GERMANY - The German state pension is set to rise this year, for the first time since 2006.
The Ministry for Social and Labour Affairs said over 20 million German citizens would benefit from the rise, which was partially intended to spur domestic spending in light of the recession.
Pensioners in the 10 former West German states will receive a 2.41% increase, while those in the six former East German states will receive 3.38%.
Both levels of increase are based on wage rises in the regions during last year.
Federal minister for social and labour affairs Olaf Scholz, said: "This is good news for more than 20 million pensioners and pensioners in Germany and a beautiful testament to the power of our social market economy."
He added; "Pensions are not a benefit, but the reward for hard work."

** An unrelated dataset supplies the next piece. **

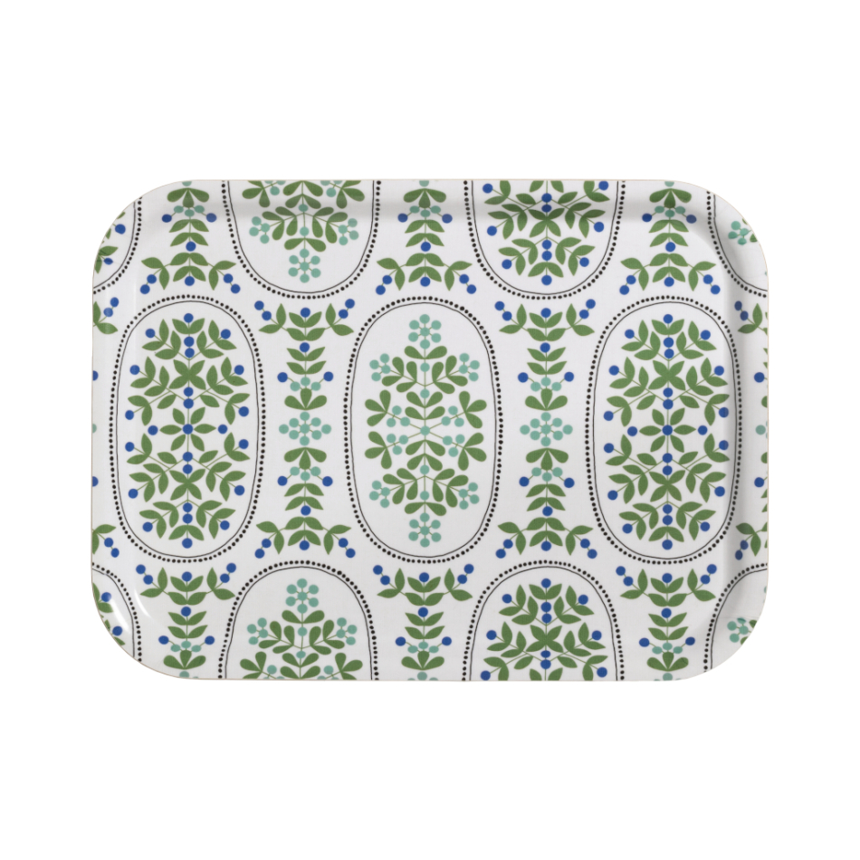 Skogsmedaljong, bricka, blågrön, 27x20cm

Unemployment benefits are also set to rise slightly to €359 from €351 at the same time.
Last year, a report by the labour ministry showed the state pension system posted a €16bn surplus as a result of increased revenue contributions thanks to the "stable economy" - an increase of almost €12bn compared to 2007.
The labour ministry report also showed that senior citizens in Germany were generally well supplied and said statutory pension insurance remained the most important aspect of the pension system, with the average retired couple receiving a net total income of €2,271 per month for in 2007, when state and occupational / private pension income was taken into account (Globalpensions.com ; 20 November 2008).
Germany is due to vote in national general elections in September, and will elect a new president in May.